Dawson-Watson joined the colony of expatriate artists that migrated to Giverny in 1888, after an invitation from the American painter John Leslie Breck (1860-1899). It was not only Monet who was a draw to Giverny for the young artists—Dawson-Watson once said it took six months for him to learn Monet lived there—but rather the natural beauty of its rural landscapes and picturesque villages. While Dawson-Watson likely intended to make a brief visit, he remained in Giverny for a period of five years, during which time he produced an array of significant landscape and figural works. Art historian William H. Gerdts notes, "He produced landscapes and village views in and around Giverny, but his most monumental canvases are figural scenes, in which he explored the traditional peasant subject, concentrating upon women workers. The artist subjected his interpretations to the strategies of Impressionism—the vigorous brushwork, the rushing perspective, and the intense coloration—often favoring the purples and violets that for many critics constituted the keynote identification of the movement. Harvest Time would seem to be Dawson-Watson's masterwork from his Giverny period." (ibid, p. 14)
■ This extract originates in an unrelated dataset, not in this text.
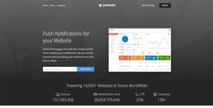 PushAssist provides the best notification management for any eCommerce website. They even provide the eCommerce owner with a daily report which provides detailed information about all data traffic done within the day, the number of likes for content, new subscriptions, and views.

Harvest Time, is a superb representation of Dawson-Watson's skill as an Impressionist painter. The expansive, lively brushwork as well as a color palette dominated by yellows and complimentary violets references key characteristics of the Impressionist movement. In France, Dawson-Watson studied and learned from many European artists including Louis-Joseph Raphael Collin (1850-1916) and Pierre Paul Leon Glaize (1842-1932). The composition of women working in a field, is very reminiscent of Jean Francois Millet's (1814-1875) The Gleaners (1857, Louvre, Paris, France). A key difference in Dawson-Watson's gleaners compared to Millet's can be seen in the bright and strongly sunlit quality of the present work, contrasted with the darker and bleaker atmosphere depicted by Millet.

It was in 1893 that Dawson-Watson moved to America at the urging of his friend and fellow artist, J. Carroll Beckwith (1852-1917), to take a post as the director of the Hartford Art Society in Hartford, Connecticut. Sojourns in Canada and the artist colony in Woodstock, New York followed, until in 1904, he settled in St. Louis, Missouri for an eleven-year post teaching at the St. Louis School of Fine Arts at Washington University, where he spent his summers in the Ozarks. In 1927, Dawson-Watson moved to San Antonio and spent the remainder of his life in Texas, which inspired the Southwestern landscapes predominantly featured in his later works.

Saleroom notices

Please note that the present work is included in the Dawson Dawson-Watson catalogue raisonné as number P.1891.2.